Below are some entries. Reproduce them word for word.

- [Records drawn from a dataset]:

:::::

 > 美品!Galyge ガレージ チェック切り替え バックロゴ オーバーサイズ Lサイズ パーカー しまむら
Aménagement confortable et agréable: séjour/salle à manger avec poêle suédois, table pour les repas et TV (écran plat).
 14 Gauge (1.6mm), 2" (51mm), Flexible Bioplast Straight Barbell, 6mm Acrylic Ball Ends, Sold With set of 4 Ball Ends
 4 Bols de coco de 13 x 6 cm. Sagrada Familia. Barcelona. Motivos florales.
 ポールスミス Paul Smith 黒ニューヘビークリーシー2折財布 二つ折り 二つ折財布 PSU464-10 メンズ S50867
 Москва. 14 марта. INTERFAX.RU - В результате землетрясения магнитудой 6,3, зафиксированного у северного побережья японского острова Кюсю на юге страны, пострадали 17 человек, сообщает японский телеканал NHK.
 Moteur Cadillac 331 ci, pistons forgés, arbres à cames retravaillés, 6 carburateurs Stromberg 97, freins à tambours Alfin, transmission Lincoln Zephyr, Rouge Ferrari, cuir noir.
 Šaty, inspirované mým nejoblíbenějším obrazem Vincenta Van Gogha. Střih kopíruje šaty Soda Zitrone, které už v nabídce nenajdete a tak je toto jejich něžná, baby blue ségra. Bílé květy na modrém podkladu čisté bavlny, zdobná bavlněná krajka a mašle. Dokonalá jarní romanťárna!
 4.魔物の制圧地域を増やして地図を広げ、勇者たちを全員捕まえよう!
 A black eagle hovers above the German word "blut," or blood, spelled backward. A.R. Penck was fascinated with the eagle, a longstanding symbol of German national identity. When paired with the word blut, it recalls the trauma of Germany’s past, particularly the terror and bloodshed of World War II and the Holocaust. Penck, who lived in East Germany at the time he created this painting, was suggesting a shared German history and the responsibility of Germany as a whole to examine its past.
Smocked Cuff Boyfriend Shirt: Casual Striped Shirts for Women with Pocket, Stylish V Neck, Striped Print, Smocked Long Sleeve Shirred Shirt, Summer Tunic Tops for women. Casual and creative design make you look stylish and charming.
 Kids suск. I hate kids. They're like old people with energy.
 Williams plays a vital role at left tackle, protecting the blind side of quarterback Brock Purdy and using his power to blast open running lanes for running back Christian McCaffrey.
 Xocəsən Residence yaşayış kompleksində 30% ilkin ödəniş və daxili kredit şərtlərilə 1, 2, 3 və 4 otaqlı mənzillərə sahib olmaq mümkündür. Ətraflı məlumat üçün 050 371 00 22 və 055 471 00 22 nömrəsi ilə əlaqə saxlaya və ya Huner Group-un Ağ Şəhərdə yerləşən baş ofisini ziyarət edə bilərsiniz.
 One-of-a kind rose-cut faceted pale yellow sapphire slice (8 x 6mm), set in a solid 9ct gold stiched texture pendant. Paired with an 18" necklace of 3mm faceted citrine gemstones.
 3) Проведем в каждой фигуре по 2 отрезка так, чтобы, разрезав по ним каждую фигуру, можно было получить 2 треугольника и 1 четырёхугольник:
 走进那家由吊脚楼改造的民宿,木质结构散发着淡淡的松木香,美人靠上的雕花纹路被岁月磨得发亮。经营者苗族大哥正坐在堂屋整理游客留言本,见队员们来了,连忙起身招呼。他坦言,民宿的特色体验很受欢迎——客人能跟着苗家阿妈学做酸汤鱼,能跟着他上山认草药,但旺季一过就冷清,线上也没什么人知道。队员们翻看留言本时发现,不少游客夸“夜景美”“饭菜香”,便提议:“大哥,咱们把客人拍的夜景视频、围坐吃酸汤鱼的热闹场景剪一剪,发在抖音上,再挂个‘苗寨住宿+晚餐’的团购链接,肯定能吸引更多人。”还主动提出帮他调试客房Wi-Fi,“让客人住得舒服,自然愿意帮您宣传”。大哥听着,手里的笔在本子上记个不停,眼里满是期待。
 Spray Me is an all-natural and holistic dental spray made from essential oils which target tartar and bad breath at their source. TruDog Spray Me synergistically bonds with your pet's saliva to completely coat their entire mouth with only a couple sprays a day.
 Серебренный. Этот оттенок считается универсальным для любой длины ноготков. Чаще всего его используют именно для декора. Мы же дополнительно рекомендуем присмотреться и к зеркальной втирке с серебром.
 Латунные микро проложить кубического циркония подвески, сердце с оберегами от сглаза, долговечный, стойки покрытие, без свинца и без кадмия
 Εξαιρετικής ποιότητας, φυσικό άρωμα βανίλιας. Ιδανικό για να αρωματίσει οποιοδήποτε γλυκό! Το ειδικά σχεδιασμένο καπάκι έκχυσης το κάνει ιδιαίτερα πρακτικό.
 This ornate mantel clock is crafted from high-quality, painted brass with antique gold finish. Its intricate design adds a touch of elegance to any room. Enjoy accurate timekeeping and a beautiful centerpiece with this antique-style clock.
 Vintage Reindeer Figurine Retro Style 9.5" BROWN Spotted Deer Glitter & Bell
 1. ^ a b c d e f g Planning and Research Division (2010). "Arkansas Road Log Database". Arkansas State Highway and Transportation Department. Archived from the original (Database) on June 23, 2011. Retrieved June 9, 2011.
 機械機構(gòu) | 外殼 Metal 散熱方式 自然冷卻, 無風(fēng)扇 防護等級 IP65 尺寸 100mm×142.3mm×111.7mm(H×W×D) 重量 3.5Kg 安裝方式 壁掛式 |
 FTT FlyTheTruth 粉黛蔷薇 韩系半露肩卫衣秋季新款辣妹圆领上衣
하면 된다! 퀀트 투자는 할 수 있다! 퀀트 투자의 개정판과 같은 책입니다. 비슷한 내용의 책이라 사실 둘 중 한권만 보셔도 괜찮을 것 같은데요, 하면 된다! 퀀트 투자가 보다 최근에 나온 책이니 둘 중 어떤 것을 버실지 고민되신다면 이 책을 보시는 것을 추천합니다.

:::::

- [FINAL ANSWER]:
 > 美品!Galyge ガレージ チェック切り替え バックロゴ オーバーサイズ Lサイズ パーカー しまむら
Aménagement confortable et agréable: séjour/salle à manger avec poêle suédois, table pour les repas et TV (écran plat).
 14 Gauge (1.6mm), 2" (51mm), Flexible Bioplast Straight Barbell, 6mm Acrylic Ball Ends, Sold With set of 4 Ball Ends
 4 Bols de coco de 13 x 6 cm. Sagrada Familia. Barcelona. Motivos florales.
 ポールスミス Paul Smith 黒ニューヘビークリーシー2折財布 二つ折り 二つ折財布 PSU464-10 メンズ S50867
 Москва. 14 марта. INTERFAX.RU - В результате землетрясения магнитудой 6,3, зафиксированного у северного побережья японского острова Кюсю на юге страны, пострадали 17 человек, сообщает японский телеканал NHK.
 Moteur Cadillac 331 ci, pistons forgés, arbres à cames retravaillés, 6 carburateurs Stromberg 97, freins à tambours Alfin, transmission Lincoln Zephyr, Rouge Ferrari, cuir noir.
 Šaty, inspirované mým nejoblíbenějším obrazem Vincenta Van Gogha. Střih kopíruje šaty Soda Zitrone, které už v nabídce nenajdete a tak je toto jejich něžná, baby blue ségra. Bílé květy na modrém podkladu čisté bavlny, zdobná bavlněná krajka a mašle. Dokonalá jarní romanťárna!
 4.魔物の制圧地域を増やして地図を広げ、勇者たちを全員捕まえよう!
 A black eagle hovers above the German word "blut," or blood, spelled backward. A.R. Penck was fascinated with the eagle, a longstanding symbol of German national identity. When paired with the word blut, it recalls the trauma of Germany’s past, particularly the terror and bloodshed of World War II and the Holocaust. Penck, who lived in East Germany at the time he created this painting, was suggesting a shared German history and the responsibility of Germany as a whole to examine its past.
Smocked Cuff Boyfriend Shirt: Casual Striped Shirts for Women with Pocket, Stylish V Neck, Striped Print, Smocked Long Sleeve Shirred Shirt, Summer Tunic Tops for women. Casual and creative design make you look stylish and charming.
 Kids suск. I hate kids. They're like old people with energy.
 Williams plays a vital role at left tackle, protecting the blind side of quarterback Brock Purdy and using his power to blast open running lanes for running back Christian McCaffrey.
 Xocəsən Residence yaşayış kompleksində 30% ilkin ödəniş və daxili kredit şərtlərilə 1, 2, 3 və 4 otaqlı mənzillərə sahib olmaq mümkündür. Ətraflı məlumat üçün 050 371 00 22 və 055 471 00 22 nömrəsi ilə əlaqə saxlaya və ya Huner Group-un Ağ Şəhərdə yerləşən baş ofisini ziyarət edə bilərsiniz.
 One-of-a kind rose-cut faceted pale yellow sapphire slice (8 x 6mm), set in a solid 9ct gold stiched texture pendant. Paired with an 18" necklace of 3mm faceted citrine gemstones.
 3) Проведем в каждой фигуре по 2 отрезка так, чтобы, разрезав по ним каждую фигуру, можно было получить 2 треугольника и 1 четырёхугольник:
 走进那家由吊脚楼改造的民宿,木质结构散发着淡淡的松木香,美人靠上的雕花纹路被岁月磨得发亮。经营者苗族大哥正坐在堂屋整理游客留言本,见队员们来了,连忙起身招呼。他坦言,民宿的特色体验很受欢迎——客人能跟着苗家阿妈学做酸汤鱼,能跟着他上山认草药,但旺季一过就冷清,线上也没什么人知道。队员们翻看留言本时发现,不少游客夸“夜景美”“饭菜香”,便提议:“大哥,咱们把客人拍的夜景视频、围坐吃酸汤鱼的热闹场景剪一剪,发在抖音上,再挂个‘苗寨住宿+晚餐’的团购链接,肯定能吸引更多人。”还主动提出帮他调试客房Wi-Fi,“让客人住得舒服,自然愿意帮您宣传”。大哥听着,手里的笔在本子上记个不停,眼里满是期待。
 Spray Me is an all-natural and holistic dental spray made from essential oils which target tartar and bad breath at their source. TruDog Spray Me synergistically bonds with your pet's saliva to completely coat their entire mouth with only a couple sprays a day.
 Серебренный. Этот оттенок считается универсальным для любой длины ноготков. Чаще всего его используют именно для декора. Мы же дополнительно рекомендуем присмотреться и к зеркальной втирке с серебром.
 Латунные микро проложить кубического циркония подвески, сердце с оберегами от сглаза, долговечный, стойки покрытие, без свинца и без кадмия
 Εξαιρετικής ποιότητας, φυσικό άρωμα βανίλιας. Ιδανικό για να αρωματίσει οποιοδήποτε γλυκό! Το ειδικά σχεδιασμένο καπάκι έκχυσης το κάνει ιδιαίτερα πρακτικό.
 This ornate mantel clock is crafted from high-quality, painted brass with antique gold finish. Its intricate design adds a touch of elegance to any room. Enjoy accurate timekeeping and a beautiful centerpiece with this antique-style clock.
 Vintage Reindeer Figurine Retro Style 9.5" BROWN Spotted Deer Glitter & Bell
 1. ^ a b c d e f g Planning and Research Division (2010). "Arkansas Road Log Database". Arkansas State Highway and Transportation Department. Archived from the original (Database) on June 23, 2011. Retrieved June 9, 2011.
 機械機構(gòu) | 外殼 Metal 散熱方式 自然冷卻, 無風(fēng)扇 防護等級 IP65 尺寸 100mm×142.3mm×111.7mm(H×W×D) 重量 3.5Kg 安裝方式 壁掛式 |
 FTT FlyTheTruth 粉黛蔷薇 韩系半露肩卫衣秋季新款辣妹圆领上衣
하면 된다! 퀀트 투자는 할 수 있다! 퀀트 투자의 개정판과 같은 책입니다. 비슷한 내용의 책이라 사실 둘 중 한권만 보셔도 괜찮을 것 같은데요, 하면 된다! 퀀트 투자가 보다 최근에 나온 책이니 둘 중 어떤 것을 버실지 고민되신다면 이 책을 보시는 것을 추천합니다.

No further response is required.